In a graduation address, the social activist tells degree candidates they might just be the "greatest generation yet."

Geoffrey Canada

Today Geoffrey Canada, Ed.M. ’75, L.H.D. ’01, president and CEO of the nonprofit Harlem Children's Zone, delivered the Harvard Kennedy School’s Graduation Address in JFK Forum, which seemed to be packed with as many world flags as with people sheltering from the threat of rain. He urged the graduates to not only contribute to the unfinished dream of bettering American society inherited from generations before them, but to remember that they can aspire to a higher calling without “needing to take a vow of poverty.” “Some of you better go out and make some money!” he urged to a wave of applause and laughter, as “some folk need to be really rich” in order for others to do good work.
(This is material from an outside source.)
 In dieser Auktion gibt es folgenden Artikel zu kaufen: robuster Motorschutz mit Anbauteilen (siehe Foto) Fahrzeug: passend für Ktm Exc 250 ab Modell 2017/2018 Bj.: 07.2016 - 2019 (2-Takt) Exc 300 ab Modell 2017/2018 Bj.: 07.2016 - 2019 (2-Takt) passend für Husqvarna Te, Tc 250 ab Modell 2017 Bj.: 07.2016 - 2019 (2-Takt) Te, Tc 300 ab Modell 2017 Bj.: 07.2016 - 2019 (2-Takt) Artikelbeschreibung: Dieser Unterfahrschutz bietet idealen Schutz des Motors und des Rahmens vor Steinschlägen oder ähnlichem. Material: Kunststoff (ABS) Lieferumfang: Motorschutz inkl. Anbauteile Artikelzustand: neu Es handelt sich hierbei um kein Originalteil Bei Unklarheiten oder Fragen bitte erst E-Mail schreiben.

Canada’s own good work was praised by HKS dean David T. Ellwood, who introduced him as a social activist, educator, innovator, book author, and mentor who became involved with HCZ in 1990. Canada, who originally grew up in the poorest congressional district in the United States, the South Bronx, has worked with HCZ in an effort to revitalize the quality of education and to create opportunity for inner-city youth, in order to untie the cycle of generational poverty in his community. The organization contributes to this goal by financially supporting health and pre-school related programs, as well as three public charter schools, with an aim of helping empower parents and guide children from infancy, through high school and college, and on into the job market. The program’s objective, as Dean Ellwood described it, is not that no child is left behind, but that “every child succeeds.” Canada added that the kids in the schools he oversees realize that he’s a star not so much because of the list of accolades he has gathered during his career, but because he has been on the Oprah Winfrey Show. Twice.  
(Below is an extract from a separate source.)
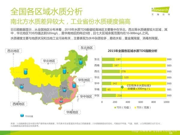 需要特殊说明的是下图中的指标为TDS值,与水质硬度有性质上的差异。但调查分析中,主要测量目标为地质水。其中离子成分主要为钙镁离子,所以在下图中TDS值一定程度上能代表水质的硬度。
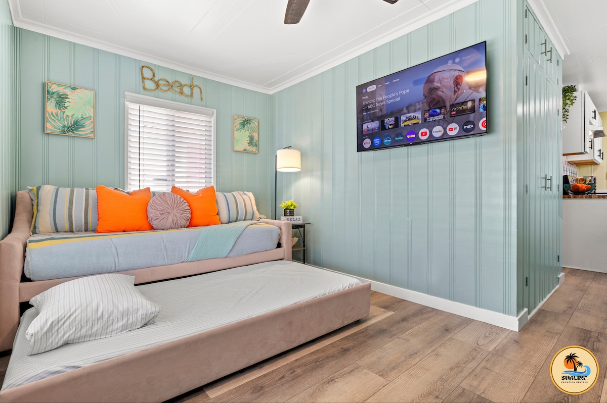 San DiegoJust steps from the sand, this charming beach bungalow is the perfect spot to kick back and enjoy the coast. You’ll be close to all the action while still having your own space to relax. Outside, there’s a ping pong table, mini golf, workout gear, and even an insta-worthy selfie wall. Inside, the space is cozy and stylish, with plenty of room for everyone to sleep comfortably. After a day out, grab your favorite drink and catch the sunset from the front yard—it’s the perfect way to wind down.

Canada described how his commitment to bettering the educational opportunities of the poorest children in America was a vision he inherited from his own childhood experiences and the example set for him by his idols. When he was in elementary school, Rosa Parks refused to give up her seat on a Montgomery bus. When he was in sixth grade, John F. Kennedy became president, a man whom Canada described as standing up for constitutional rights that half the country stood against at the time. And, in 1968, when he was in tenth grade, the visions of a better future that both Robert F. Kennedy and Martin Luther King held were handed over to their successors when they were both assassinated. Canada’s own career and work, is, as he describes it, also nearing its end. But he noted that he—just like those who came before him who also aspired to leave their country better than they found it—has a next generation to rely on.
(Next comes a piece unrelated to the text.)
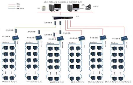 各智能電力儀表通過屏蔽雙絞線RS485接口,采用MODBUS通訊協(xié)議總線型連接接入通訊服務(wù)器。然后35kv配電室、1#配電室高低壓部分和5#配電室高低壓部分通過網(wǎng)線直接與值班室的工業(yè)交換機(jī)相連, 3#高低壓部分通過光纜直接與值班室的工業(yè)交換機(jī)相連,4#高低壓部分通過光纜先連到2#配電室,再和2#高低壓部分一起通過光纜一起連到值班室的工業(yè)交換機(jī)。最后工業(yè)交換機(jī)通過網(wǎng)線連到值班室的兩臺主機(jī)。

He extracted a promise from the imminent graduates—some 564 degree candidates, including a member of the cabinet of the European Commission, a senior economist at the International Monetary Fund, and state representatives from Vermont and Massachusetts—to continue to do good work, and to continue to save the children that he has started to help. And he added that, in this promise, and in the promise of their talents and ambitions, the generation embodied by the HKS Class of 2013 might just be “the greatest generation yet.”

With that concluding statement, he received a standing ovation from a crowd filled with proud parents, and from graduates filled with promises to make a better world—and permission to make lots of money.